- Nov 6, 2016
- 681 (0.42/day)
- NH, USA
|Processor||Ryzen 7 2700X|
|Motherboard||Asus ROG Strix X470-F Gaming|
|Cooling||Enermax Liqmax Iii 360mm AIO|
|Memory||G.Skill Trident Z RGB 32GB (8GBx4) 3200Mhz CL 14|
|Video Card(s)||Sapphire RX 5700XT Nitro+|
|Storage||Hp EX950 2TB NVMe M.2, HP EX950 1TB NVMe M.2, Samsung 860 EVO 2TB|
|Display(s)||LG 34BK95U-W 34" 5120 x 2160|
|Case||Lian Li PC-O11 Dynamic (White)|
|Power Supply||BeQuiet Straight Power 11 850w Gold Rated PSU|
|Mouse||Glorious Model O (Matte White)|
|Keyboard||Royal Kludge RK71|
Actually, high frequencies have made there way back into the server market due to expensive per core licensing for softwareThe server market is the obvious hit for Intel's 10nm technology.
It seems like Intel's main problem with 10nm is the low clock rates, which leads to worse performance compared to their 14nm+++++++++++ process clocked at well over 5GHz (boost). Servers don't want to boost so high. Low and slow benefits servers, as these computers are designed for maximum compute in a given datacenter (Datacenters are limited by two things: either power, or cooling... and cooling is itself limited by power).
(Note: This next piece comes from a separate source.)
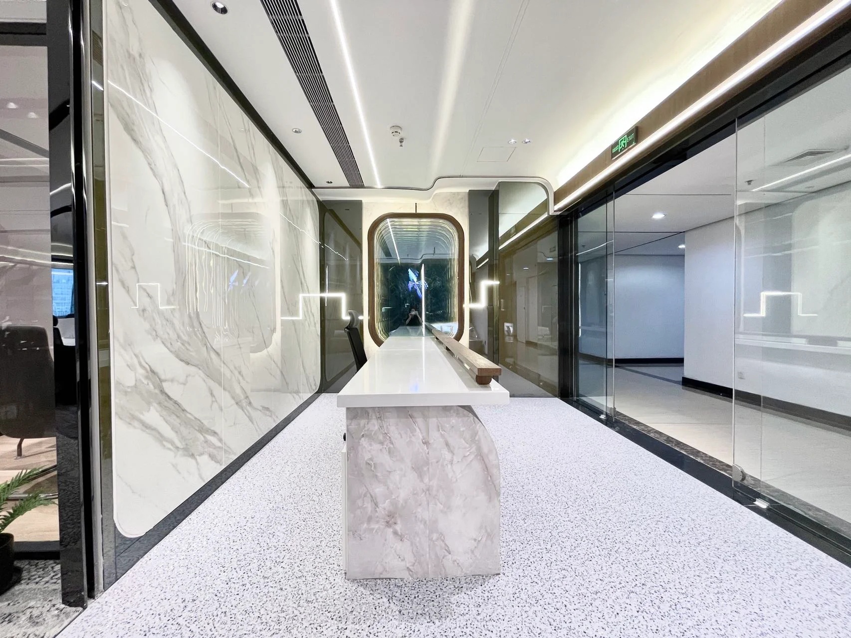 着眼于多元、高效、艺术等多种办公设计新趋势,所有墙面、柱体、照明、软装,在整体流线中环环相扣的节点皆从实用性出发,逐步放大艺术元素对办公空间的潜在价值。诠释设计创意的有力手法是对材料特性、细节的深入研究。这是创造一个和谐舒适空间和确保优质项目高品质落地的关键。我们希望通过基本的形式语言体现最真实的空间,用质朴的建造细节来激发空间之间的对话。
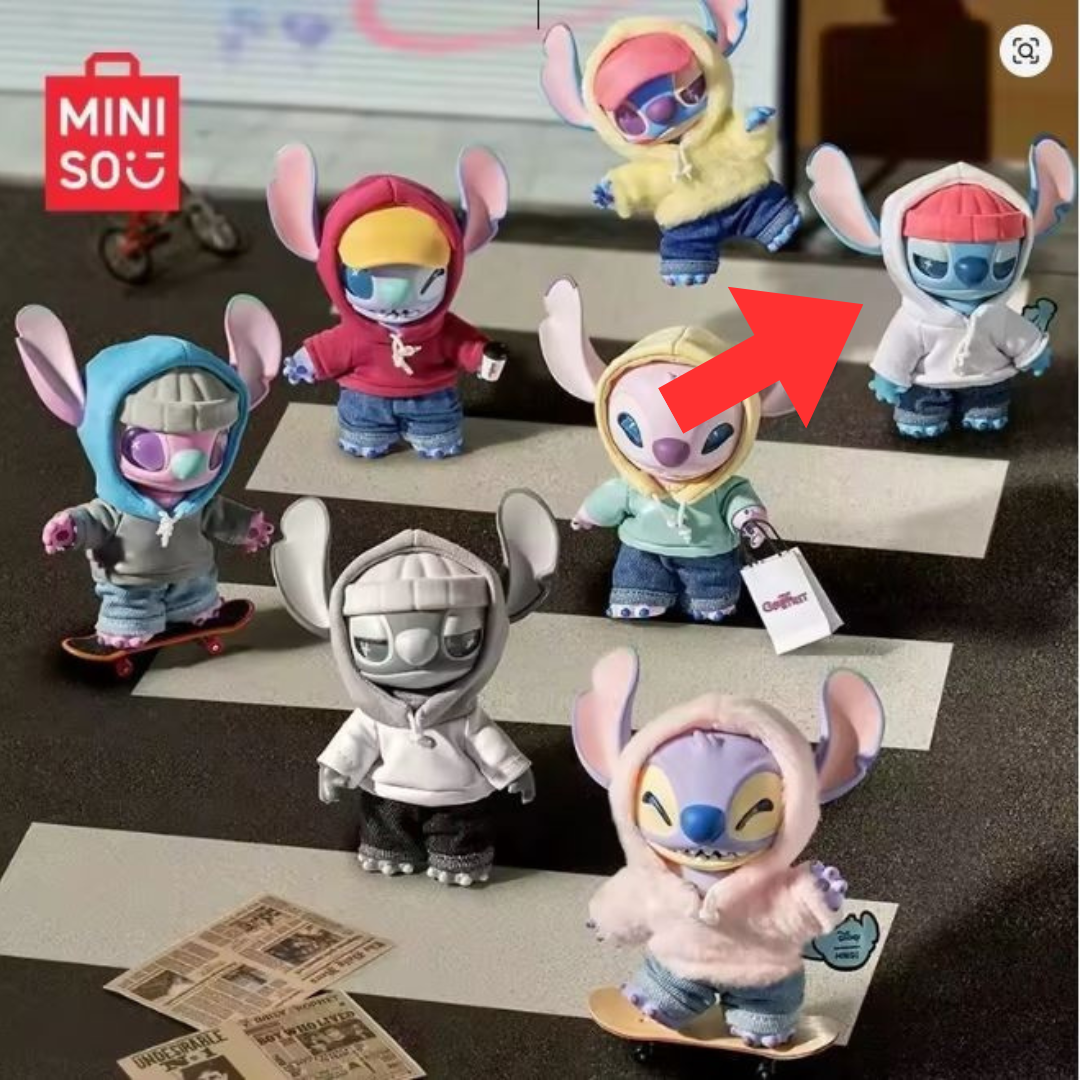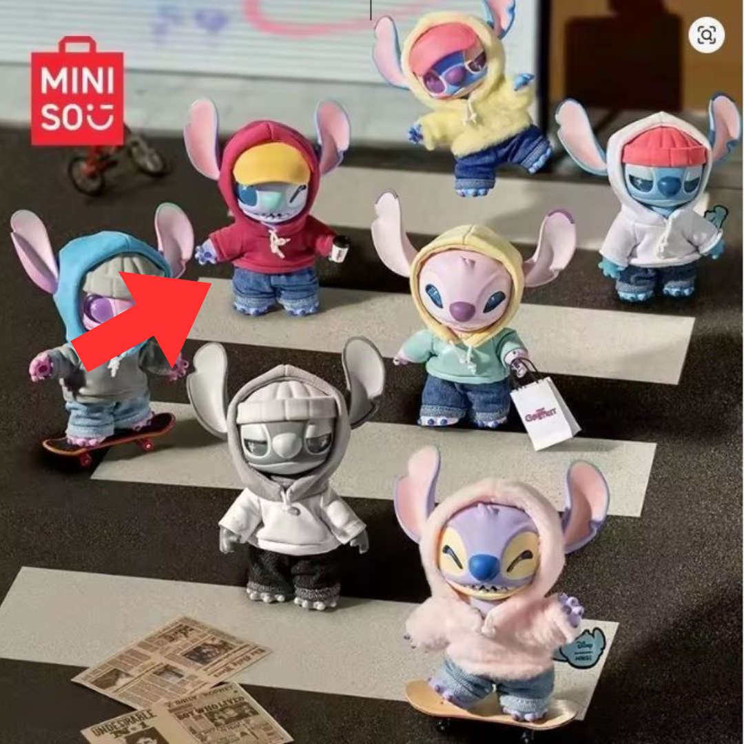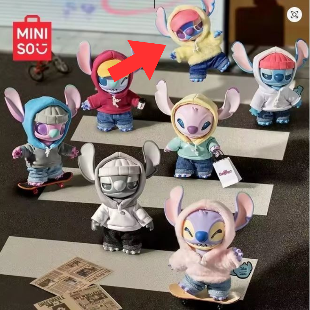 MINISO Stitch Gen Z Street: circa 15cm. Il contenuto è a sorpresa, quale Stitch troverai?Serie Miniso molto ricercata e difficile da trovare! Attenzione: gli accessori (es. skateboard, etc) non fanno parte del set.

The cache game is very interesting now. AMD offers more L3 cache than anyone else, but I've discussed the downsides of AMD's "split L3 cache" before. In short: AMD's L3 cache is only useful to a "CCX" (for Zen3: a cluster of 8 processors / 16 threads max), while L3 cache from traditional processors (Various ARM chips or Intel) are unified. Consider if 1MB from address 0x80008000 were being read-shared on a 64-core AMD chip with its 8x "split cache", there would be 8-copies of that one address (!!!), leading to 8MBs of read-data across AMD's 8x split cache (of size 256MBs): 3% of its cache. In contrast, Intel would only have 1MB in its unified 60MB L3 cache, or 1.6% of Intel's cache.
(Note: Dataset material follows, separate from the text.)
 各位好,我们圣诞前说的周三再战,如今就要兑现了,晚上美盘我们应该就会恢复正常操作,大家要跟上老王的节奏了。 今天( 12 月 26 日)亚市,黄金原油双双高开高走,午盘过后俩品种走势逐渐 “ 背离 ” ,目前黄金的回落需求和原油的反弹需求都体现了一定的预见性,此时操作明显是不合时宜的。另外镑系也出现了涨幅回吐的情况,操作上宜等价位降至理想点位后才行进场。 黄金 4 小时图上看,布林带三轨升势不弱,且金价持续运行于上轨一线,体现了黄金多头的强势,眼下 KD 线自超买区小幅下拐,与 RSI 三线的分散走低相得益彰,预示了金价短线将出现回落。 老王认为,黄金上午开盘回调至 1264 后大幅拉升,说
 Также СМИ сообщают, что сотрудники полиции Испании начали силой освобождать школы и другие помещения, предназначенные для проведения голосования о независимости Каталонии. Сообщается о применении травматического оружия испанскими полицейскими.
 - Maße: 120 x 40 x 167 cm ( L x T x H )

As such, large singular datasets (like Databases) will likely perform better on Intel's "smaller" 60MB L3 cache, despite AMD having 256MBs of L3 cache available. On the other hand, any workload with "split data", such as a 8-core / 16thread cloud-servers, will benefit grossly from AMD's architecture. So Azure / AWS / Google Compute are likely leaning towards AMD, while database engineers at Oracle / IBM are thinking Intel still. Or from a LAMP stack perspective: your PHP / Apache processes are most efficient on AMD, but your MySQL processes might be more efficient on Intel.
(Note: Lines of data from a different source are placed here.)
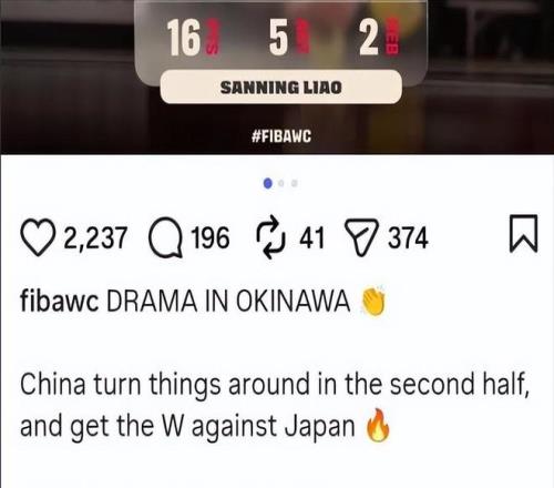 赛后数小时,国际篮联官方X账号发布英文战报,标题赫然写着:“ChinawithasneakywinoverJapan”。其中“sneaky”一词带有强烈贬义色彩,暗指胜利手段隐秘、结果存疑,此举瞬间引爆中国球迷情绪,数万条评论齐刷刷要求其删除原文并公开致歉。
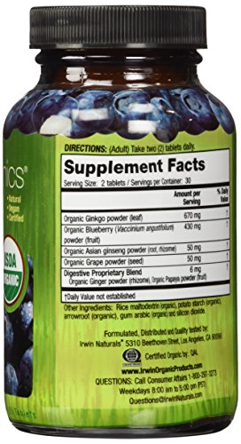 Irwin Naturals Organic Brain Support Diet Supplement, 60 Count
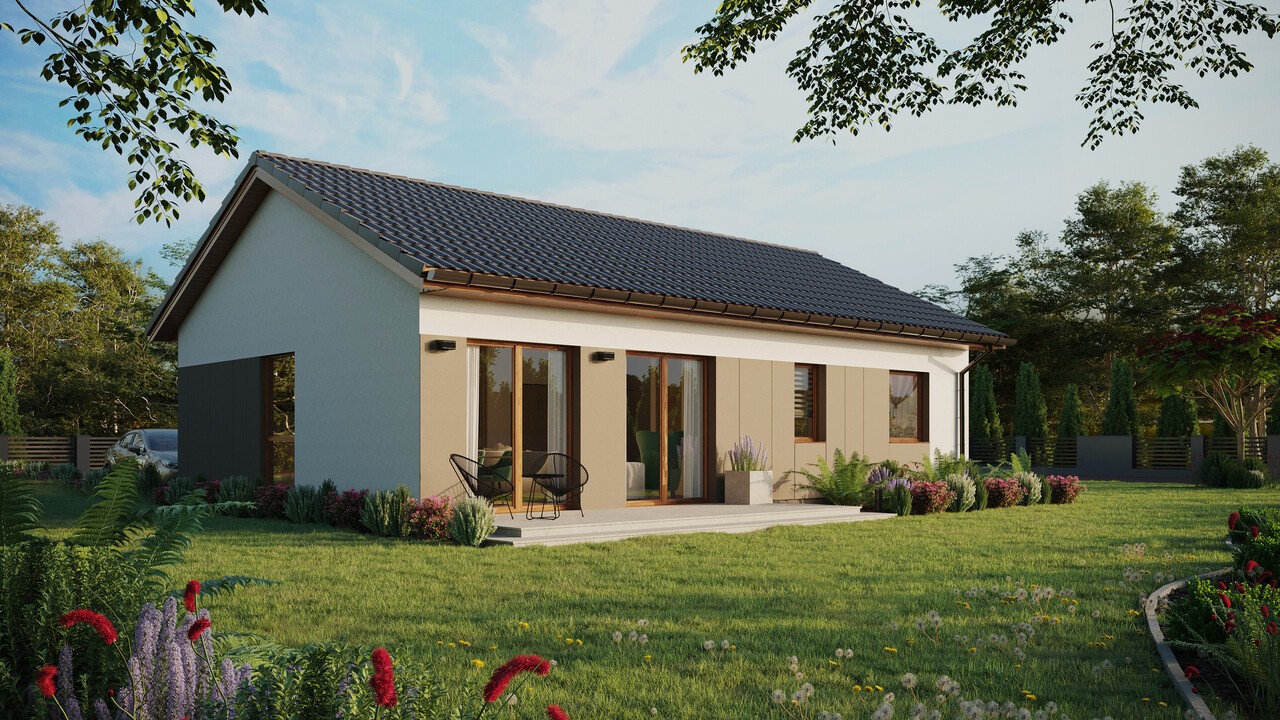 Dom ERDOL 2 XL ma powierzchnię 82 m² (130 m² w przypadku projektu z poddaszem użytkowym) i jest wydłużoną wersją domu ERDOL 2. Jest to doskonała propozycja dla wszystkich osób, które w swoim domu nie potrzebują dużej liczby pomieszczeń, jednak chcą skorzystać z dodatkowego metrażu, dzięki czemu zyskują więcej przestrzeni do wygodnego funkcjonowania. Zastosowane w tym projekcie nowoczesne technologie i ekologiczne rozwiązania sprawiają, że jest to dom energooszczędny, który funkcjonuje w harmonii z naturą. Do budowy wykorzystuje się drewno KVH stanowiące podstawę całej konstrukcji. Odpowiednio dobrane materiały izolacyjne sprawiają, że dom chroniony jest przed stratami ciepła.
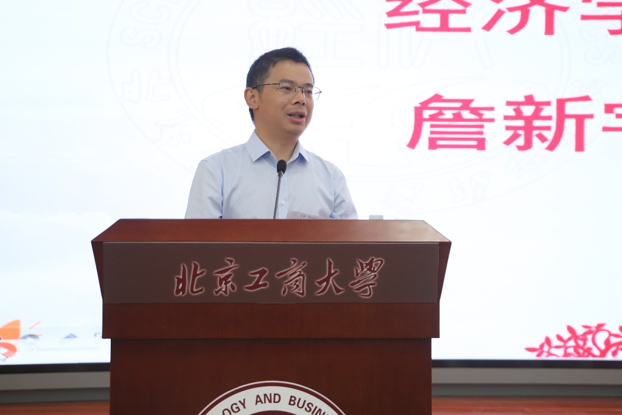 詹新宇代表学院致辞。他回顾了保险学系自1993年成立以来的32年发展历程,强调了保险学系在风险管理、精算、社会保障、养老金融等领域取得的突出成就,如获得英国精算师协会和北美精算师协会双国际认证、获批色情片市级一流本科专业建设点等。詹院长特别指出,这些成绩的取得离不开王绪瑾教授及其团队的辛勤付出,也离不开广大系友的支持。能够获得“王绪瑾奖学金”是同学们努力学习、积极进取的结果,也是学院和老师们对你们的充分肯定,希望同学们铭记王绪瑾教授以及历届系友们的期望,不断提升自己的专业素养和综合能力。

In the past, I've talked about how AMD's L3 cache has latency penalties. Lets consider that 1MB region again. If one core were to change the data, it'd have to send a MESI message to Exclusive control of the data it wishes to change. The 63 other processors then need to communicate that their L1 and L2 caches remain unchanged (Total Store Ordering: all writes must be written in order on x86 architecture). Then the core changes the data, and broadcasts the new data to all 63 other processors.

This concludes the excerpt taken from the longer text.